Despite these improvements, and due to the coarseness of web video tags, these videos only serve as weak indicators of concept presence. Such weakly labeled web video contains lots of non-relevant content. So far, there are two general strategies for overcoming this problem: (1) manual refinement supported by active learning sample selection, and (2) automatic refinement using relevance filtering [8]. The thesis presents an approach combining these two strategies in an interleaved setup (Fig. 3): manually refined samples are directly used to improve relevance filtering, which in turn provides a basis for the next active learning sample selection. Results demonstrate that the proposed combination—called active relevance filtering—outperforms both, a purely automatic filtering and a manual filtering based on active learning.

Fig. 4
figure 4

Barack Obamas reelection tweet (left) and a tweet capturing the destruction caused by Hurricane Sandy (right). Both tweets convey their main information, including the sentiment, visually

4 Adjective Noun Pairs for Visual Sentiment

The third contribution of the thesis is to tackle the challenge of sentiment analysis based on visual content as illustrated in Fig. 4.
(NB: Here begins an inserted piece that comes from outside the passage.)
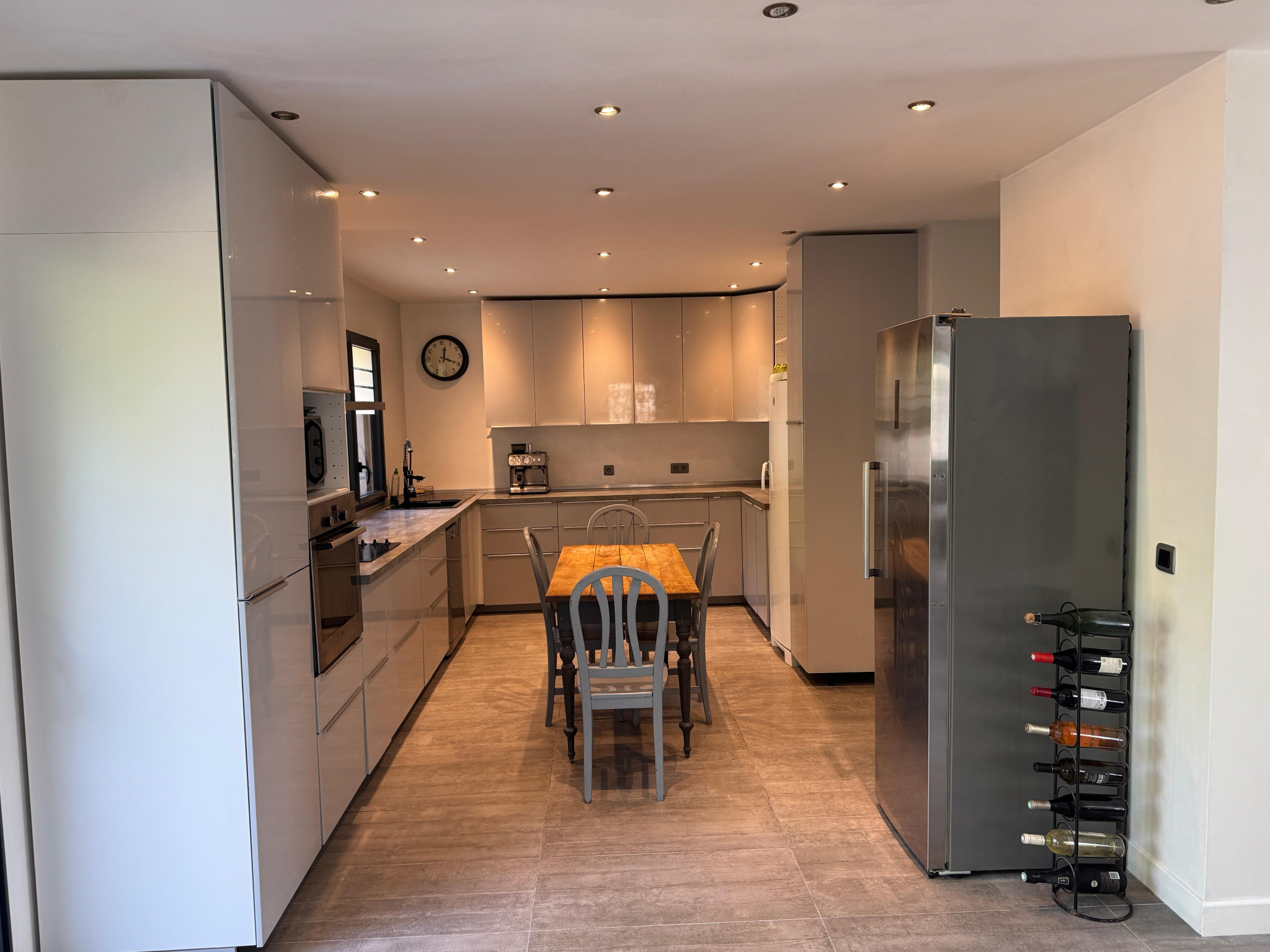 Verrières-le-Buisson (91370)Erigée sur une parcelle de 630m2, maison moderne (construction achevée fin 2018) comprenant : AU RDC : une entrée avec rangements, un grand séjour avec espace bibliothèque donnant accès de plain-pied au jardin, une cuisine dinatoire (la cuisine est désormais ouverte sur le séjour), une suite parentale (avec baignoire et douche) et des WC. Au 1er étage : 3 grandes chambres (dont une suite parentale), 2 salles de bains et 2 salles d'eau, un bureau et une buanderie. La suite parentale donne accès à 2 dressings. Au 2ème étage : 2 grandes chambres, une salle d'eau, une salle de jeux/cinéma, une salle de musculation. Au sous-sol : 2 garages indépendants (dont un double), 2 salles de jeux / salon, un cellier, un local technique et des WC. Dans le quartier recherché du lac de Verrières, au calme, proche des commerces et des établissements scolaires. Maison lumineuse avec des prestations de qualité. Ce bien vous est proposé par l'agence l'Immobilier sans vis-à-vis. Votre contact : Pierre THEVENIN : 06.68.96.07.07
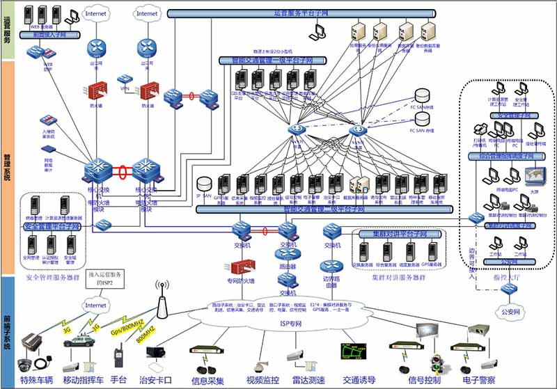 對智能信號控制系統(tǒng)、電子警察系統(tǒng)、治安卡口系統(tǒng)、雷達測速系統(tǒng)、視頻監(jiān)控系統(tǒng)、交通信息采集系統(tǒng)、動態(tài)誘導(dǎo)系統(tǒng)、移動指揮系統(tǒng)、集群對講系統(tǒng)、校車管理、服務(wù)網(wǎng)絡(luò)平臺與設(shè)備管理、中心安全系統(tǒng)、高端運營平臺、接處警平臺、GIS平臺升級、綜合管控平臺升級、指揮控制中心升級以及配合智能交通設(shè)施的路口渠化調(diào)整等20個分部工程開展了工程設(shè)計。

This is accomplished by introducing a large-scale ontology of 3,000 adjective noun pairs (ANPs) [3]. This ontology is based on psychological theory and the proposed construction method is fully data-driven, i.e., it automatically mines online sources such as Flickr and YouTube for sentiment words, which serve as the building elements for ANPs discovery. Further, it presents SentiBank, a novel mid-level representation framework, which is built on the ontology and encodes visual presence of 1,200 ANPs. This bank of concept detectors is able to differentiate between visual concepts such as “cute dog” and “dangerous dog” (Fig. 5) and therefore provides an unique understanding of visual sentiment.

In experiments on sentiment analysis with real-world Twitter data covering 2,000 photo tweets, the proposed mid-level representation demonstrates an improved prediction accuracy of 13 % (absolute gain) in a joint visual-text setup over a state-of-the-art text only methods.

It has also been demonstrated that this approach is able to outperform state-of-the-art porn detection baselines [5] on real-world pornographic and child sexual abuse (CSA) content. Additionally, the compilation of detected ANPs allows to explain detection results to law-enforcement, which in this domain is an important system requirement.

To summarize, the presented visual sentiment analysis effort—being the first of its kind—has created a large, publicly available resource consisting of a concept ontology, a detector library, and a training/testing benchmark for visual sentiment analysis.Footnote 1

Fig. 5
figure 5

Adjective Noun Pair examples illustrating how adjectives can change the sentiment a phrase conveys, and how this can be used to differentiate the visual space corresponding to a noun such as “dog”